The album starts to transition into a totally different theme, after the song “Daddy Lessons,” which makes the audience question if this album is for various people in Beyoncé’s life. After feeling rage, Beyoncé starts to soften up, bringing in the opposing party’s emotions. “Love Drought” explains that the love she has is so strong that it could “move mountains.” She mentions the opposing party trying to fix what’s been done. The album transitions from fury to the beginning of forgiveness, as the song “Sandcastles” plays. This song undoubtedly portrays Beyoncé’s true emotion in Lemonade. Her voice delivers nothing but sorrow in the song, “Sandcastles,” which is why it is so touching to me. The cracks in her voice explains to the audience that she has been broken by something that can’t be undone, but Beyoncé doesn’t stop there. She rises from her heartache in her songs “Freedom” and “All Night,” which resolves her problem. She accepts what has been done, and is finally free of anger and in her last stage of forgiveness. The most powerful words in this album lay in the song “All Night,” where Beyoncé utilizes figurative language in the bridge of the song. “They say true love’s the greatest weapon to win the war caused by pain… Every diamond has, imperfections, but my love’s too pure to watch it chip away.” After all the pain and sorrow she experienced, the love she carried was too strong to throw away. She continues to say, “True love breathes salvation back into me. With every tear came redemption. And my torturer became a remedy.” Instead of letting her experiences define her, she used them to help her grow, which is what makes it inspirational to any woman who has experienced defects in their relationship. Tidal calls Beyoncé’s Lemonade album a “conceptual project based on every woman’s journey of self-knowledge and healing” (Spanos).

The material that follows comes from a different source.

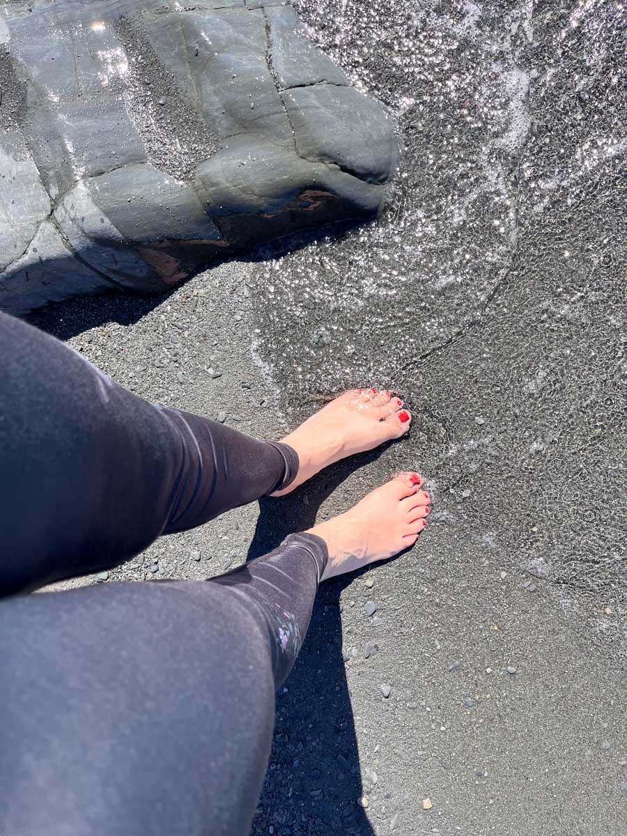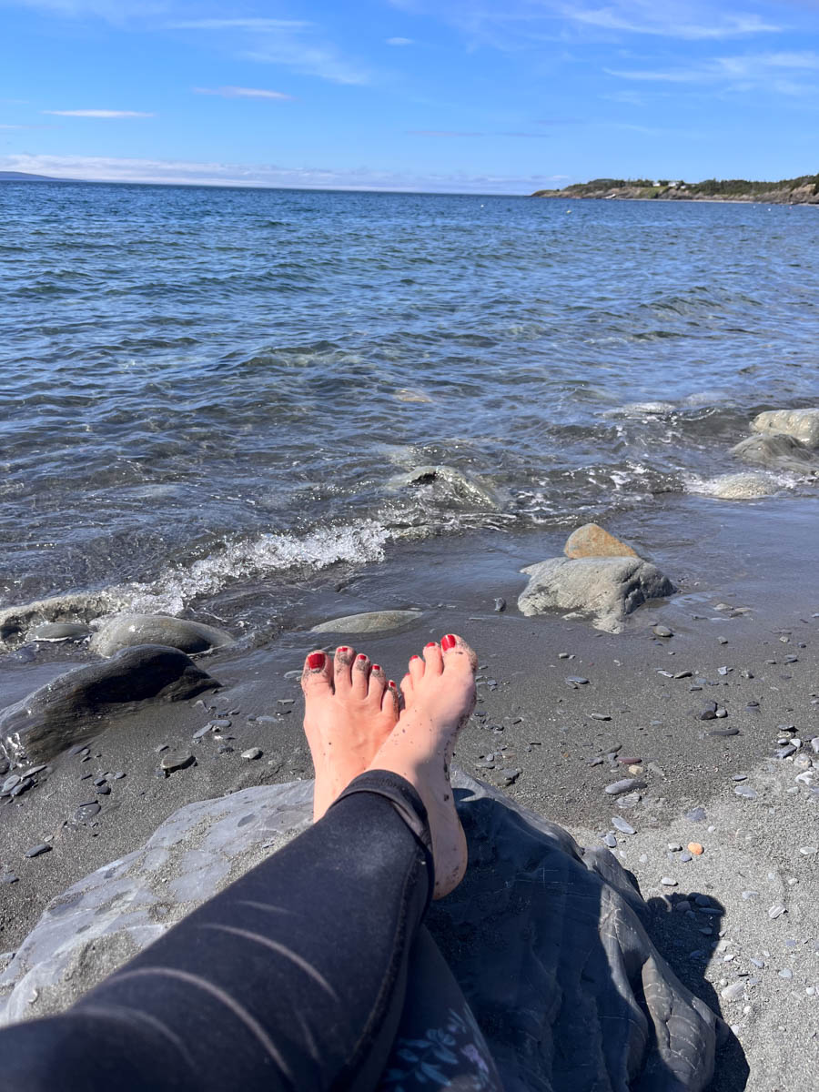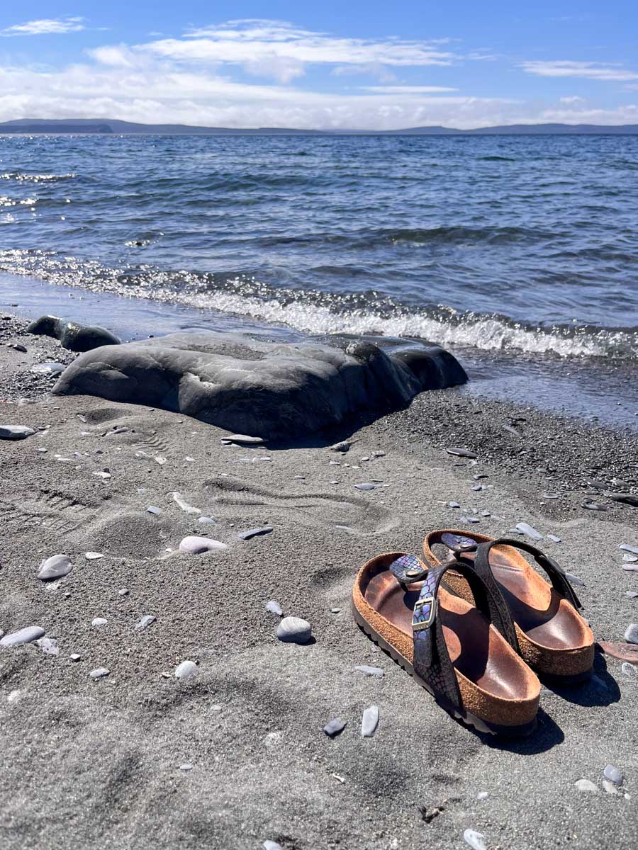 Louise se déchausse tranquillement, on est maintenant en sandales, et on se risque à mettre les pieds dans l’eau glacée.

Beyoncé uses this album to not only address infidelity, but empower women and shine light on racial discrimination, which is still a major issue in America today. In the visual album, various settings and almost all of the wardrobe shown in the video express African culture. At the start of the visual album, Beyoncé is dressed in a yellow dress, resembling Oshun, an African goddess. She is shown sleeping in a room filled with water, and awakened after the doors of the room are opened. Beyoncé then roams around the town of New Orleans, destroying everything in sight, with her baseball bat. “Folktales of Oshun describe her malevolent temper and sinister smile when she has been wronged” (Roberts).

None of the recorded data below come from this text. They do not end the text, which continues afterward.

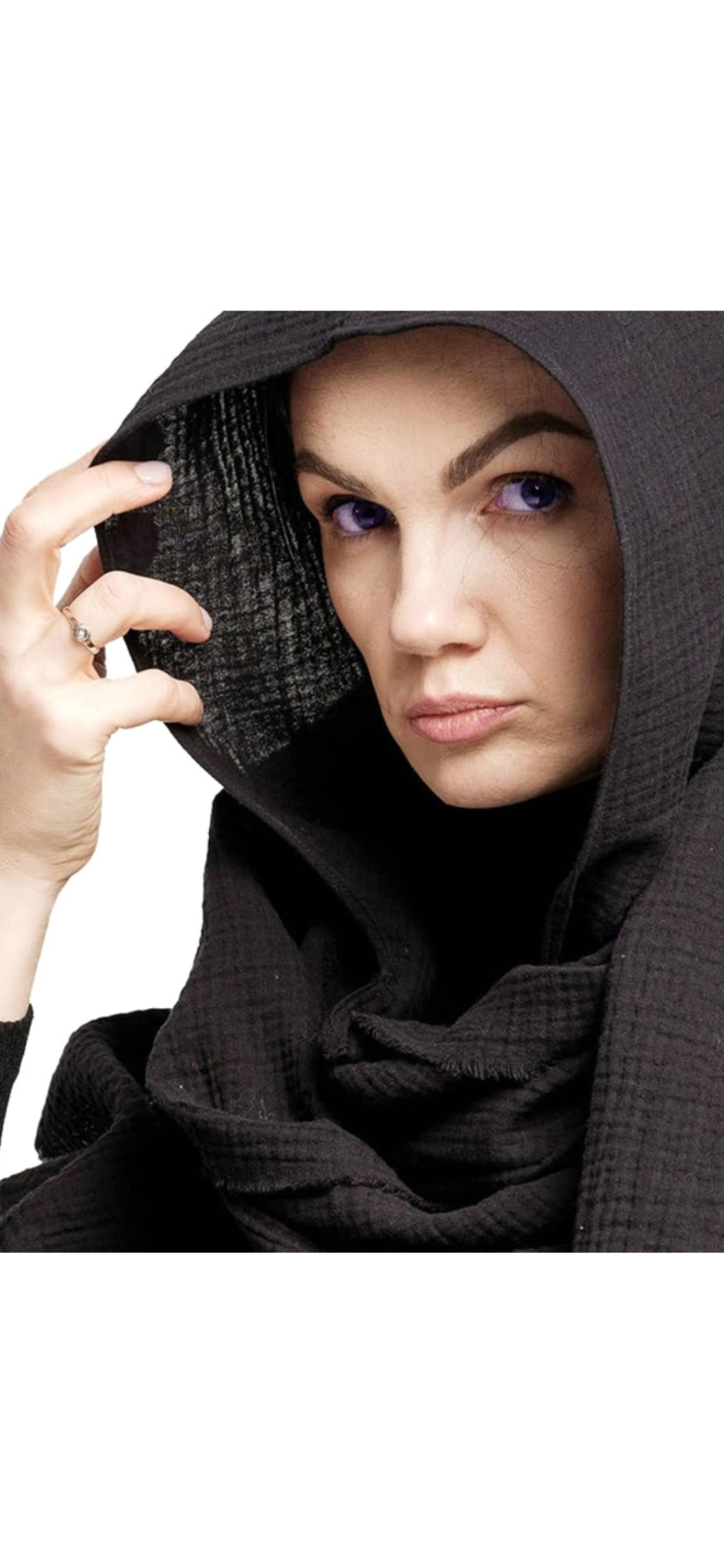 This fun Reverse Geode is on a Shawl known as a hooded scarf. This definitely is a showcase piece to accent any outfit allowing show off your unique style. They come in one size and are made of Cotton and Linen....Hand Wash Only
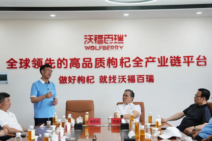 协会一行会亲参观沃福百瑞宁夏枸杞馆,了解了枸杞的历史文化、养生、种植以及沃福百瑞在国际国内贸易、科技创新、绿色发展、党建引领促进产业发展等方面取得的成果。
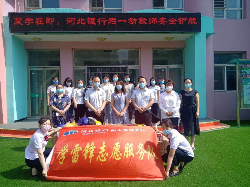 2020年6月,河北银行衡水枣强支行志愿者前往枣强县第一幼儿园开展“一盔一戴安全守护”活动
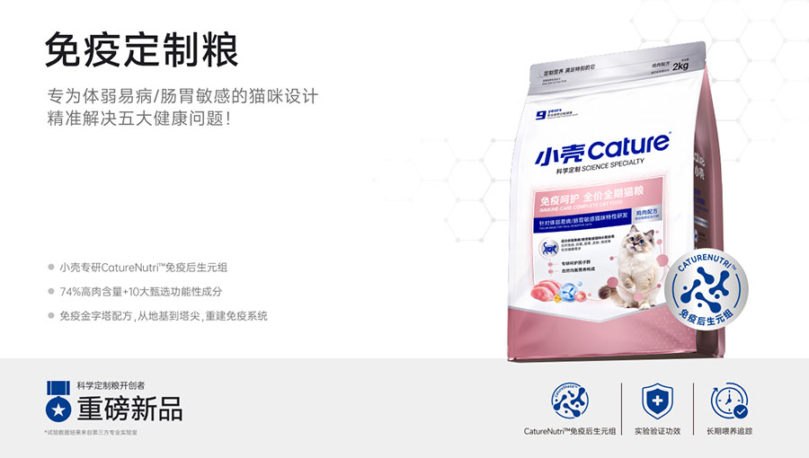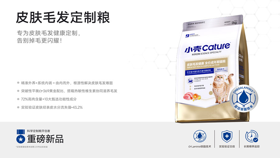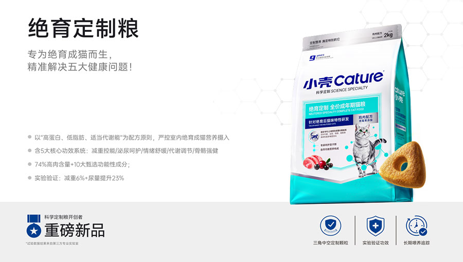 主要產品:小殼絕育定制糧,小殼皮膚毛發(fā)定制糧,小殼免疫呵護定制糧,小殼功能主食罐系列(小殼排毛主食罐,小殼魚油主食罐),小殼小輕松凍干棒系列(小殼貓草棒pro,小殼魚油棒pro)
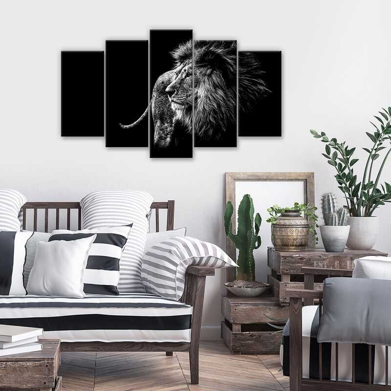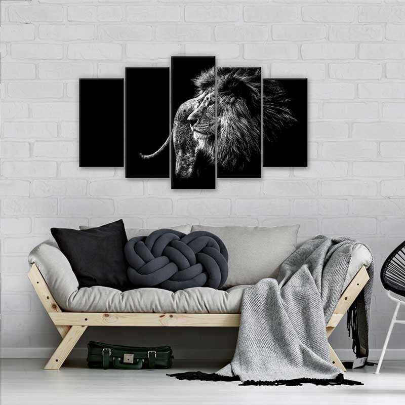 Ervaar de majestueuze kracht van de leeuw met onze adembenemende vijfluik schilderij met daarop een prachtige leeuw. De schilderij set neemt u mee naar de wilde Afrikaanse savanne, waar een imposante leeuw in al zijn glorie schittert tegen een diepzwarte achtergrond.
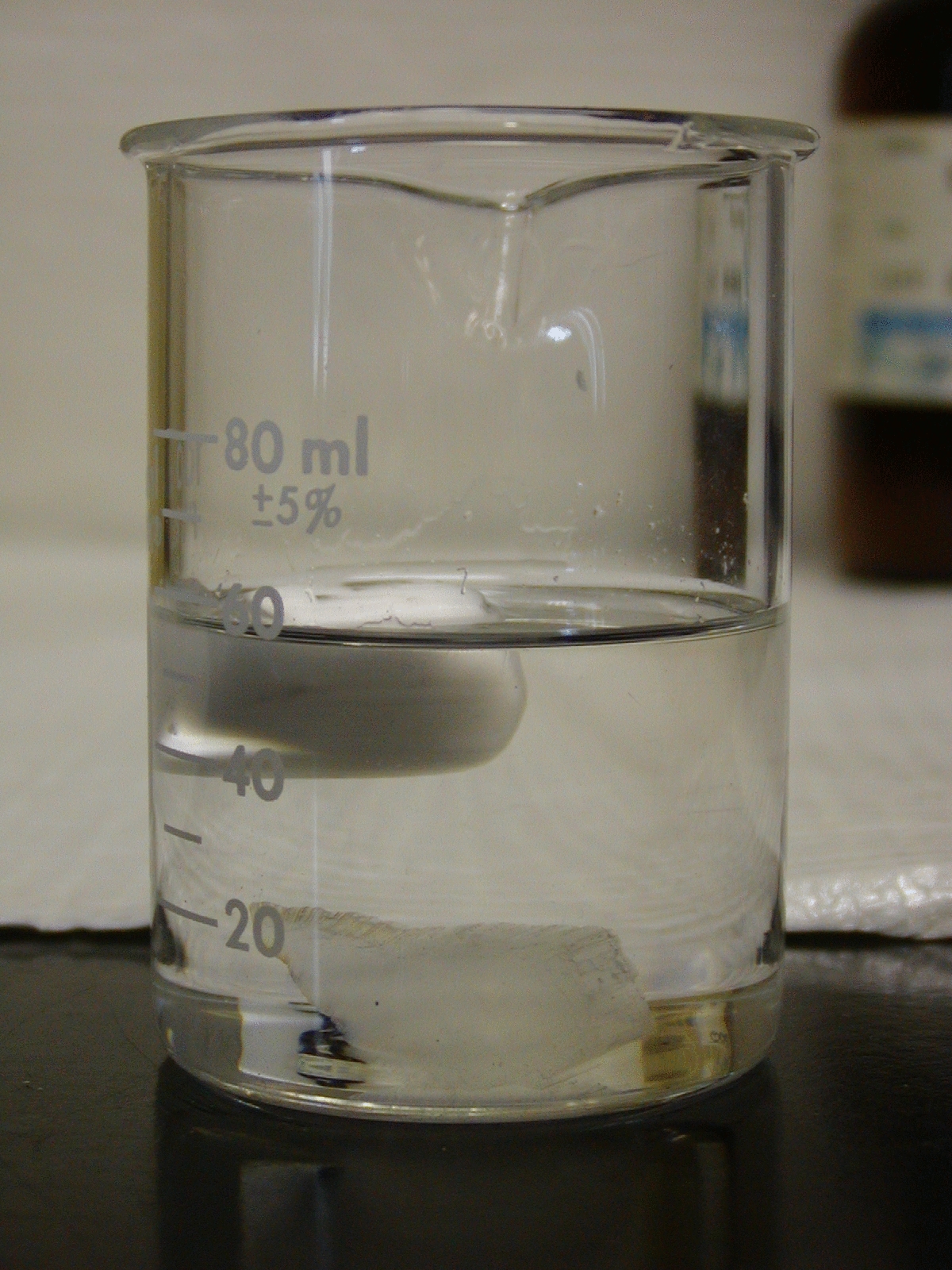 Here's how to tell them apart. Both minerals are very light, but ulexite is somewhat less dense; reference works give a specific gravity ranging from 1.6 to 1.96. Gypsum is heavier, with a specific gravity ranging from 2.2 to 2.32. With the aid of Lew Brubacher and Mike Chong of the Department of Chemistry at the University of Waterloo, we took a picture of ulexite floating and gypsum sinking in a beaker of liquid of specific gravity 2.1 (created by mixing bromoform and methylene chloride).

Beyoncé also recites Warsan Shire’s poems, who has deep roots to African culture, and covers the subject as well. Usurps from Warsan Shire’s poetry help display the themes of Beyoncé’s visual album, interspersing between songs (Gharib). Beyoncé doesn’t just include a black poet, she features various African-American icons in America, such as Serena Williams, Zendaya, and Amandla Stenberg. These women are used to portray unity between gender and race.

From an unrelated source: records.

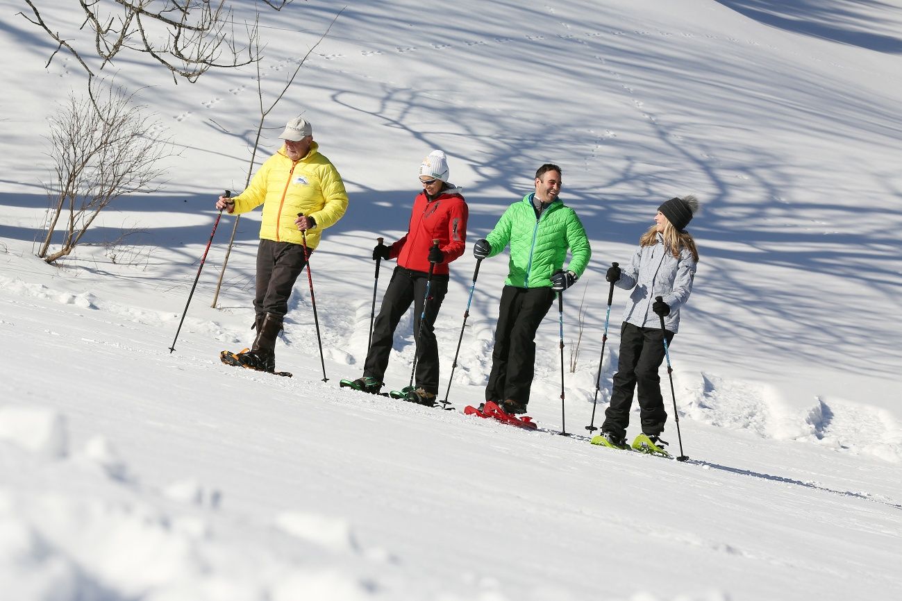 Gemütliche Schneeschuhtour durch den Wald. Genießen Sie die Ruhe durch die verschneite Winterlandschaft.
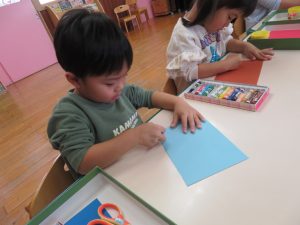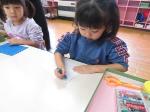 形を描けたら、はさみでチョキチョキ✂
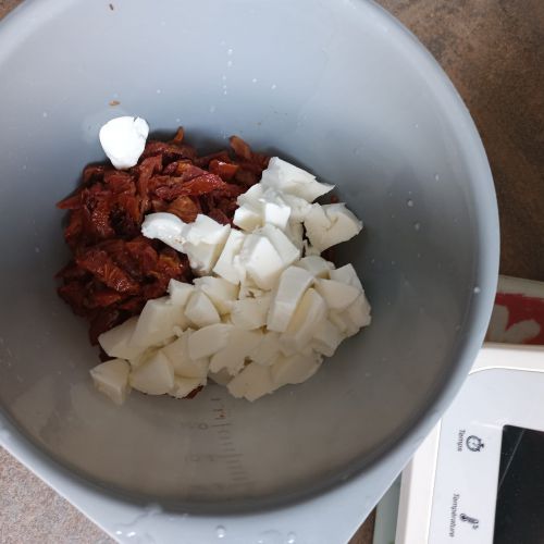 Couper en petites morceaux 150 g de tomates séchées (gardez l'huile du bocal) et la mozzarella.
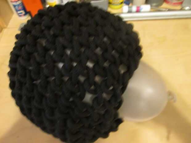 Para hacer la estructura más firme y más como una bola, poner un globo dentro de golpe hasta totalmente lleno. Diluir el pegamento de madera con un poco de agua (4 partes de pegamento-1 de agua) y "pintar" los lazos con varias capas de pegamento. Debe ser fijado por adsorción por el cable e invisible cuando está seca. Cuando se seca totalmente pop el balón. ¡ sí!

I have no data or trends to back up my argument on why Beyoncé is such an iconic figure to people around the country. All I can do is encourage others to watch and listen to the album Lemonade, and figure out for themselves whether they agree with the “Beyhive” that Beyoncé is addressing issues that are not given the proper attention in the media. This artist has creatively expressed these problems through poetry, music, and imagery, all while bringing her own personal issues into the light of society. A woman who people idolized for having the “perfect life” had the courage to share her personal story to the world through art. If Beyoncé doesn’t take the award for bringing under appreciated issues to attention, could someone please tell me who does?